Windows Live Calendar is live! This has been many, many, many months in the making, starting with an idea a long time ago (it first surfaced when we started talking about rebuilding Hotmail three years ago!), to coding in two continents, to finally hitting the Go button today and RTWing (Release to Web) our product. This is the second v1 product I’ve been able to participate in from start to ship and it’s as unique and as exciting watching the service go online as the first time.

To give you an idea of what happens when we go live, we have a lot of folks in a conference room with a Polycom conference system where people are dialed in to. There are projectors with logs of the production machines displayed, people marking things on the white boards to make sure that changes and fixes don’t get forgotten and the actual folks pushing the software to the servers. We try to have the day itself scheduled down to the half hour or fifteen minute mark, but we do make changes to on the fly.

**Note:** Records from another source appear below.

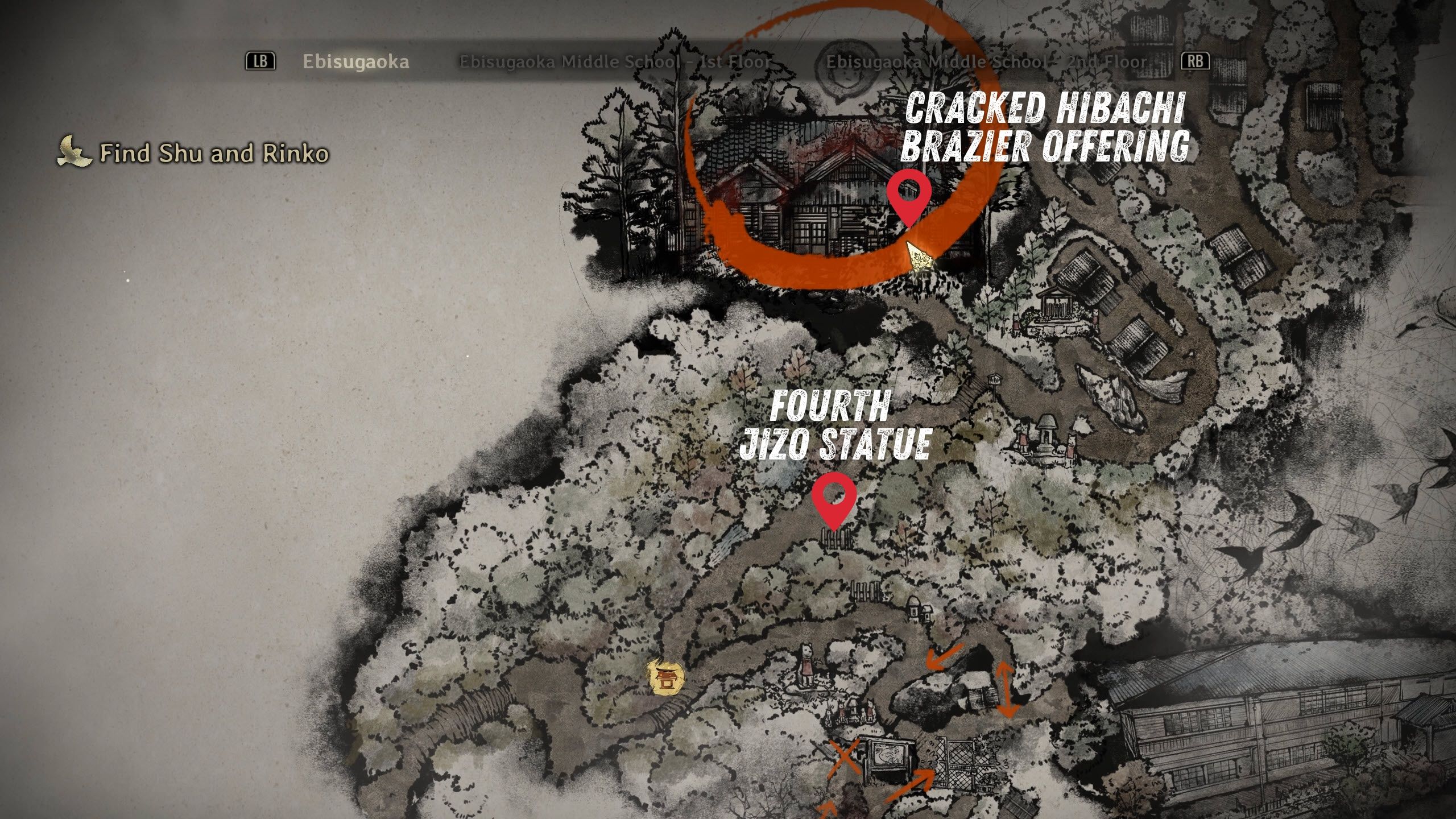 Return to the path you used to get to Hokora Shrine, the one before Shu’s house. As you walk back, you’ll see the fourth Jizo Statue just before a Tori Gate on your left. All you need to do is interact with the statue to place the Hibachi Cracked Brazier beside it.
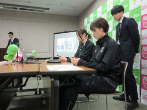 当日はマイナンバーカードを利用したe-Taxについての説明に続いて、実際にスマ―トフォンを使ってe-Taxを模擬体験しました。体験を終えて佐々木選手は、「マイナンバーカードを利用して確定申告をすると、とても簡単にできました。私もマイナンバーカードとスマホで確定申告したいと思います」。また、河俣選手は、「今年初めて確定申告をします。マイナンバーカードとスマホを使ってしたいと思います。」と感想を述べました。
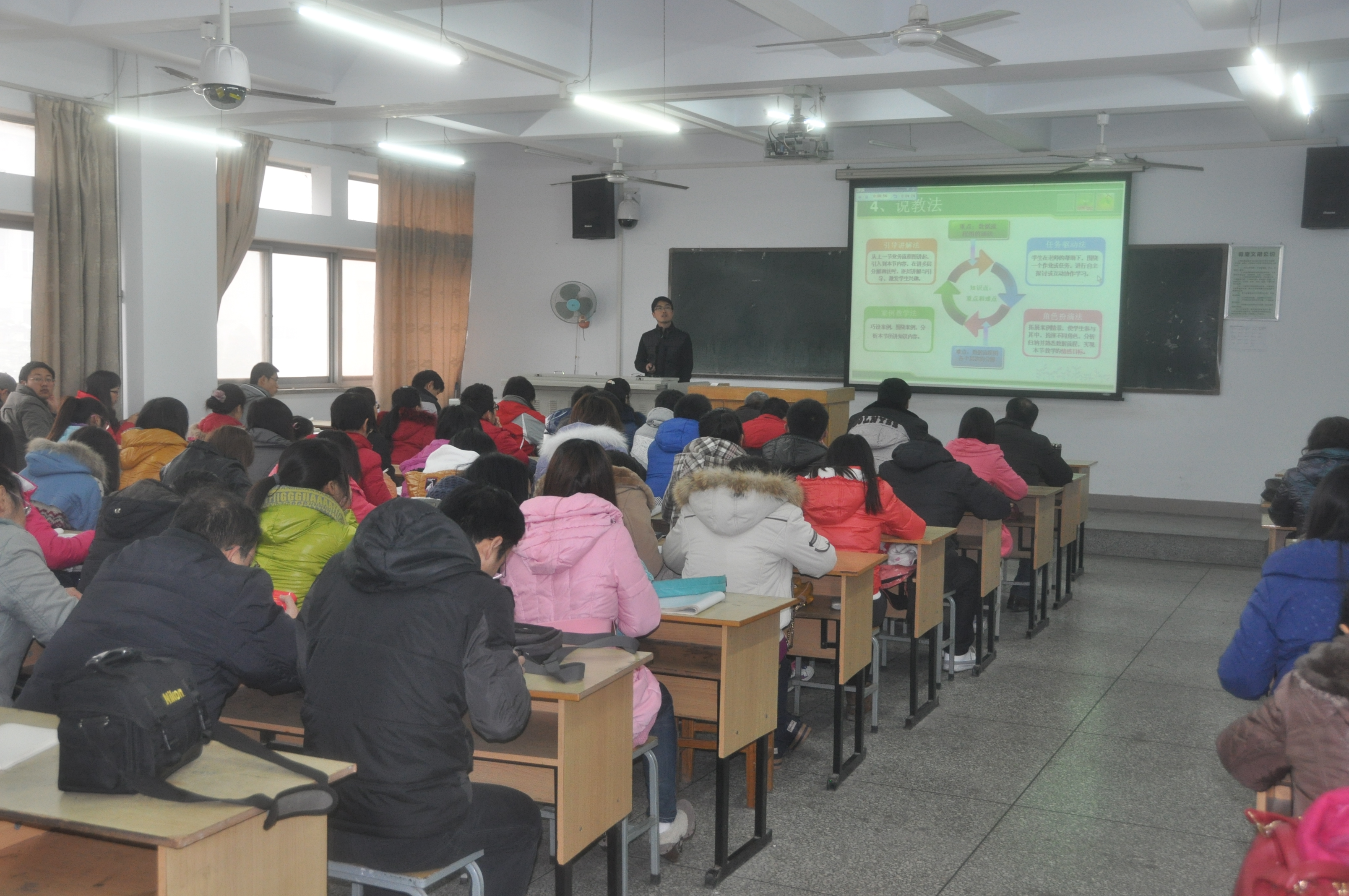 参赛教师根据学院下发的比赛要求,积极准备,踊跃报名,本次比赛共有16名青年教师参加。参赛的教师每人需准备三个参赛内容,即课件和现场说课、讲课。比赛分说课和讲课两个环节,先进行说课再进行讲课,说课和讲课应为同一内容。参赛选手通过教材分析、学情分析、教法学法、教学目标、教学流程、学习评价等方面展示自己的课堂内容。各位青年教师认真编写教案,在讲课过程中,通过生动的语言、丰富的肢体表现力,有层次、有重点的讲授专业知识,并能运用多媒体教学设备扩充了教学内容;课堂气氛活跃、授课方式具有吸引力;信息量饱满、严谨。最大的特点是结合经济管理中的案例,深入浅出的讲解基本理论,符合学生的实际需求,具有启发性。授课青年教师着装典雅、规范,教态自然大方。经过激烈角逐,由专家评委公平公正打分,最终产生了一等奖两名,二等奖三名,三等奖五名。

We had our whole data center ready and prepped to go today, so our “go live” moment was a final decision that was made with all the key stakeholders which then resulted in us marking the service as In Service, and within seconds new users were pounding on it, creating accounts! Thus, Windows Live Calendar was born. It’s amazingly cool to watch a log file fly by with reports of new users being created.

It’s not easy to make that final “yes” call. From late last week we’d been working long hours in the home stretch (including a 3+ hour conference call on Sunday night!). Lots of time checking, double checking and triple checking that everything when we finally said yes would work — and by and large it did. Of course, when you’re bringing a new service online, stuff doesn’t work (and it didn’t all work), so having everybody in that conference room I mentioned earlier was key to making decisions on the fly.

Ship or go home – it’s everybody’s accomplishment getting us to where we are today, and I’m proud to have been a part of this team. Lots more to write about, but I’m exhausted from the last few days; expect to hear more soon.